Today we managed to merge the OpenGL ES implementation, which brings a compatibility mode for users having no luck with OpenGL. A huge props to smoogi and Tom94 for getting this branch working so quickly and smoothly! If you’re interested in the specifics, make sure to check out this guest post by smoogi.

Even if you weren’t having issues, I’d highly suggest giving cutting-edge another try as performance should be better than ever.

I asked for infrastructure-related questions yesterday but only got one, so let’s answer the unrelated questions as well!

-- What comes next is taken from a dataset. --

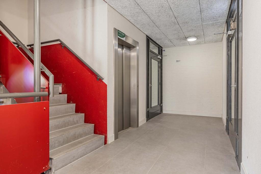 Het appartementencomplex heeft een centrale entree naast het parkeerterrein van het gebouw. De centrale portiek is afgesloten en heeft een bellenplateau. De centrale hal geeft toegang tot het trappenhuis en de lift. De gangen zijn onlangs voorzien van nieuwe PVC-vloerafwerking.

@ppy What OS is running on the osu! Servers? –byteturtle

Web, database, memcache and everything linux run Debian (sid or jessie). Bancho runs Windows Server 2012r2 for maximum .NET performance. There are also some linux VMs running Ubuntu for compatibility with pre-packaged deployments like Sentry.

@ppy Btw, when Osu will be going open-source ? –neskeii

We’re constantly making progress towards the open-source goal. I don’t want to set unrealistic expectations, but my personal goal is “this year”.

@ppy What does “multiple scores per-user-per-beatmap” refer to exactly? Does it affect the pp system in any way? –elim2g

It will mean you can have one score for each mod combination per map. Your highest pp for each beatmap will be taken. This means there’s much less chance that you will lose pp on a particular map due to playing it with a different mod combination and scoring higher.

@ppy Will there be many triangles in osu!next? –Houtarousu

Yes, in some form.

@ppy Will the geki and katu for taiko be removed soon? Since they are totally useless there. –Abrian_MA

On the results screen or? They really need to be removed if they are still displayed, yes.

@ppy Plans for abekobe mod and random mod for taiko? –Abrian_MA

No idea what that is, but I do have plans to add lots of new mods (fun, not score modifiers).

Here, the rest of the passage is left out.